▸ **WHAT IS BEING ASKED**: No pictures go into the copy. Write out exactly the lines below from the one containing "下午1点50分,哈维尔教授以" through the one containing "这是在成都市龙泉驿区拍摄的夜幕下的东安湖体育公园(7月18日摄)。".

▸ **DATA**:
- Opening Delimiter -

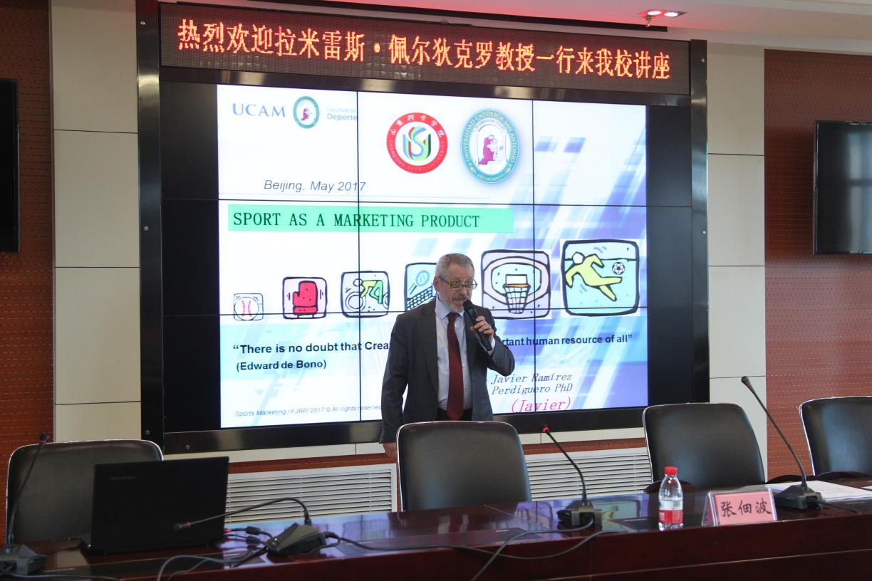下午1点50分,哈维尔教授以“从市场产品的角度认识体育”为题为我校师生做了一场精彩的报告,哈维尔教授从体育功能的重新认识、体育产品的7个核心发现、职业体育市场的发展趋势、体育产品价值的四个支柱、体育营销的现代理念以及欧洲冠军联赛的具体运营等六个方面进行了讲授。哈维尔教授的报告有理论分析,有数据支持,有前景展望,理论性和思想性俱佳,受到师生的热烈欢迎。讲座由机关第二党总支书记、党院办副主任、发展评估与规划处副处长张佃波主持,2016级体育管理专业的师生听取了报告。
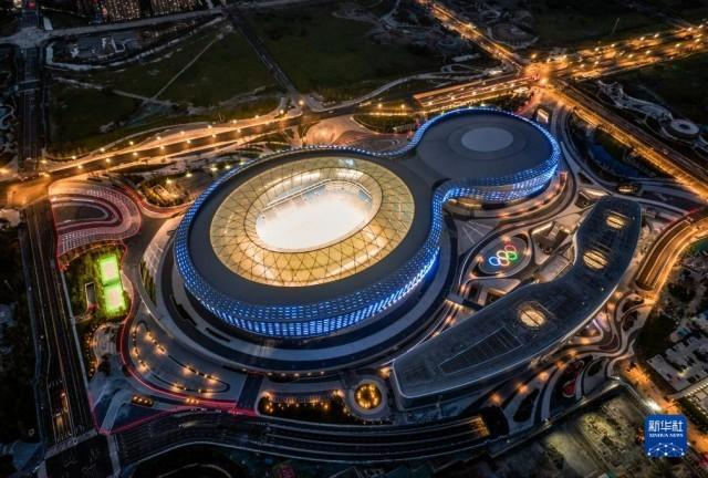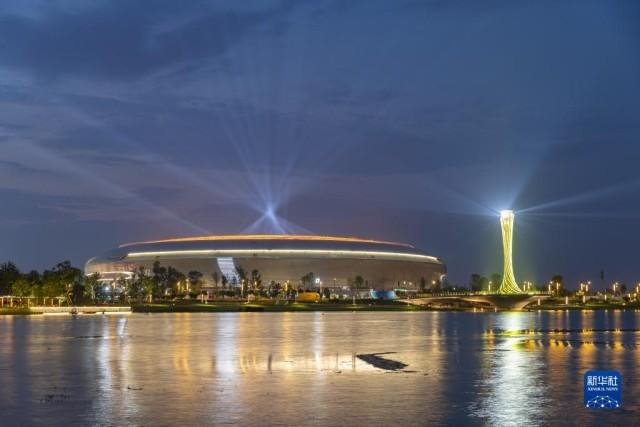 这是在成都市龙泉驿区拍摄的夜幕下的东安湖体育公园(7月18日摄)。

- Closing Delimiter -
- Opening Delimiter -

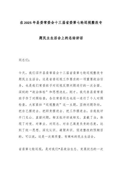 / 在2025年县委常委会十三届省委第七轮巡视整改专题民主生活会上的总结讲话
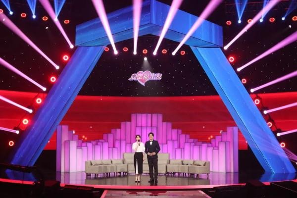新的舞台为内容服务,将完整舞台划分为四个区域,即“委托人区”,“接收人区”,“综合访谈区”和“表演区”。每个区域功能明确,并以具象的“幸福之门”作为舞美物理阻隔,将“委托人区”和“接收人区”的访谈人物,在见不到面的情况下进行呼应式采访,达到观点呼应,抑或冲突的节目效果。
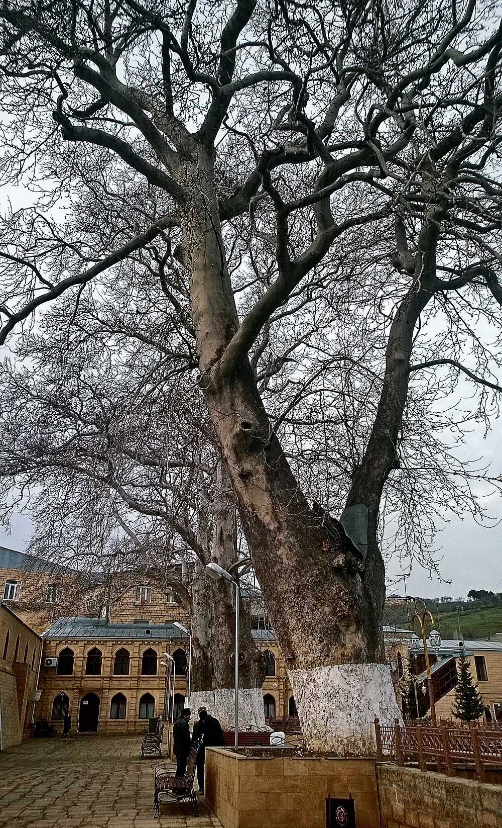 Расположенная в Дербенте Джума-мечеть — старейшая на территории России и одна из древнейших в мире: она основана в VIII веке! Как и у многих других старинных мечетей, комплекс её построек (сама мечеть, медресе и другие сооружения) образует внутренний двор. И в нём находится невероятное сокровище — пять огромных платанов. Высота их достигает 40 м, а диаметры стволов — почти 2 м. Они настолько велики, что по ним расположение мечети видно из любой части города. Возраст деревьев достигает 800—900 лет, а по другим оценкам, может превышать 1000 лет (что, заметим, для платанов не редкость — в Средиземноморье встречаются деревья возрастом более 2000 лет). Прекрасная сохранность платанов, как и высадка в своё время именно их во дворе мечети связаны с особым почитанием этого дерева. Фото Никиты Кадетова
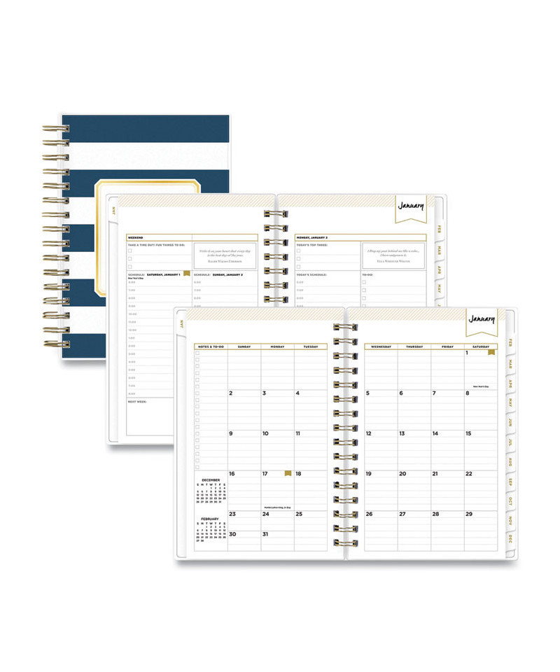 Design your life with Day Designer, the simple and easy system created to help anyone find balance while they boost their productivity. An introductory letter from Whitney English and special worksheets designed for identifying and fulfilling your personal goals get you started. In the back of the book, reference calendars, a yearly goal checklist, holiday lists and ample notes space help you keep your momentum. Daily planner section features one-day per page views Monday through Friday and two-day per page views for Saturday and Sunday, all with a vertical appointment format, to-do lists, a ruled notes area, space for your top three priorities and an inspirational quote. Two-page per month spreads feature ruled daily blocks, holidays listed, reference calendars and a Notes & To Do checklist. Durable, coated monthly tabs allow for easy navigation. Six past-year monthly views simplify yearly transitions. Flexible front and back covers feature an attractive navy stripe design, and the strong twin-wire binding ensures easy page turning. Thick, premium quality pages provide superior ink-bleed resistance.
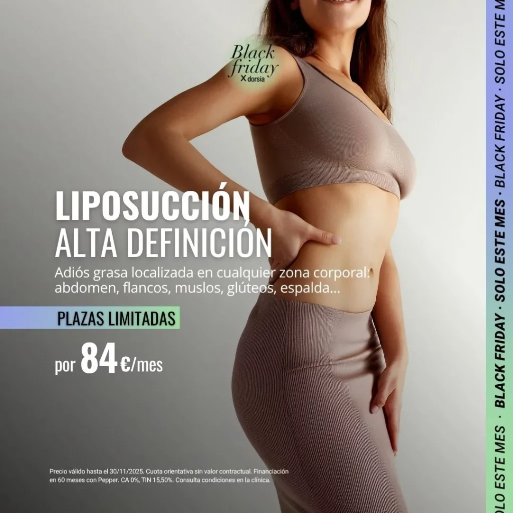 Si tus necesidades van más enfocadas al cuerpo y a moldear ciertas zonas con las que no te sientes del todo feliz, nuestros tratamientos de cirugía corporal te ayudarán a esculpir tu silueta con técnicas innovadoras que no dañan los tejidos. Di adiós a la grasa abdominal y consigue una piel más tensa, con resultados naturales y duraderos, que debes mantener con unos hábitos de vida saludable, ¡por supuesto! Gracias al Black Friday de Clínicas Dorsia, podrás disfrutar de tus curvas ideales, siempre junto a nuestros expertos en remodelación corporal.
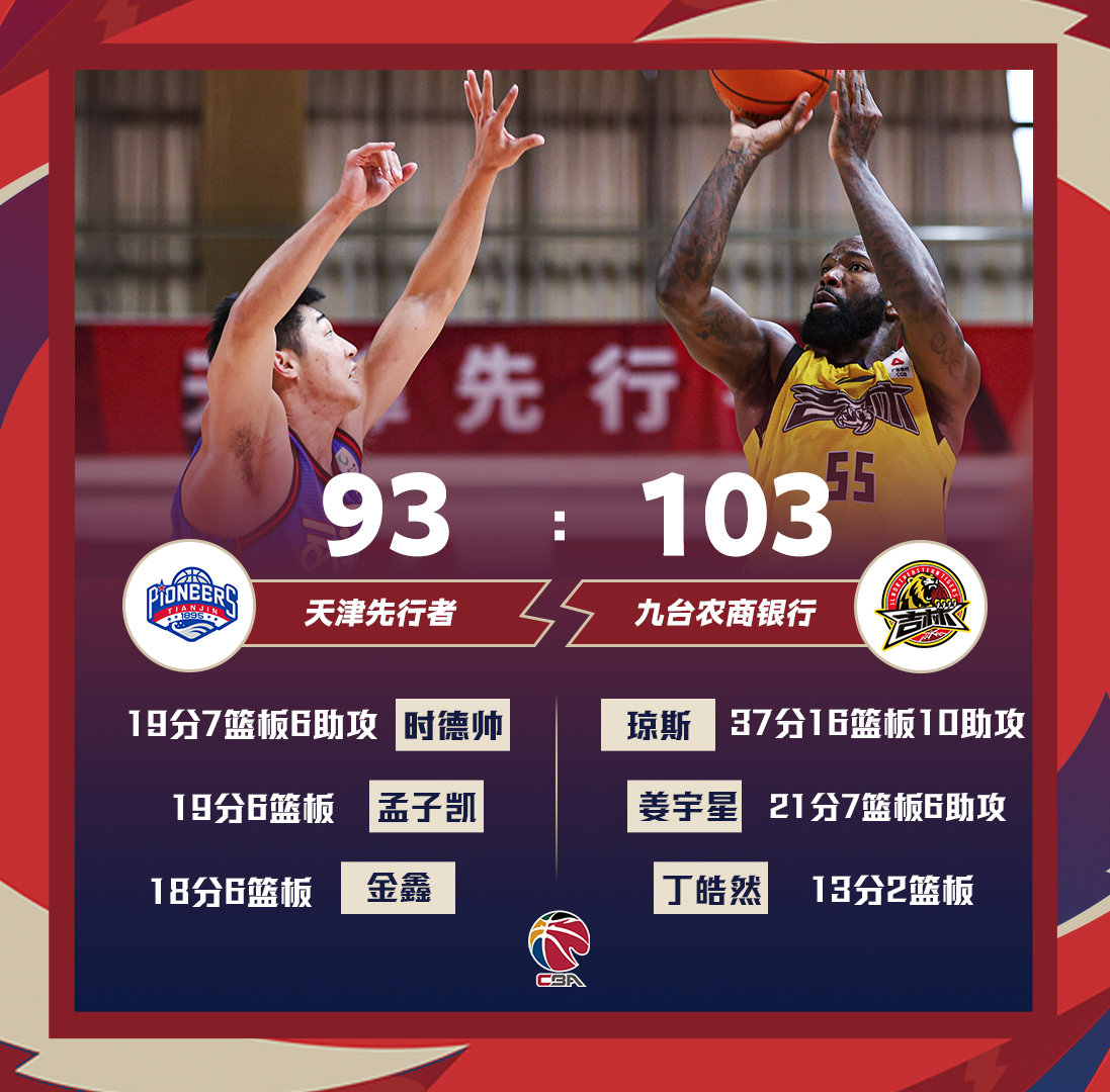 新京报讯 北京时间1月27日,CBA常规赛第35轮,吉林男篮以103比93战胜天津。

- Closing Delimiter -

▸ **WRITTEN ANSWER**:
下午1点50分,哈维尔教授以“从市场产品的角度认识体育”为题为我校师生做了一场精彩的报告,哈维尔教授从体育功能的重新认识、体育产品的7个核心发现、职业体育市场的发展趋势、体育产品价值的四个支柱、体育营销的现代理念以及欧洲冠军联赛的具体运营等六个方面进行了讲授。哈维尔教授的报告有理论分析,有数据支持,有前景展望,理论性和思想性俱佳,受到师生的热烈欢迎。讲座由机关第二党总支书记、党院办副主任、发展评估与规划处副处长张佃波主持,2016级体育管理专业的师生听取了报告。
 这是在成都市龙泉驿区拍摄的夜幕下的东安湖体育公园(7月18日摄)。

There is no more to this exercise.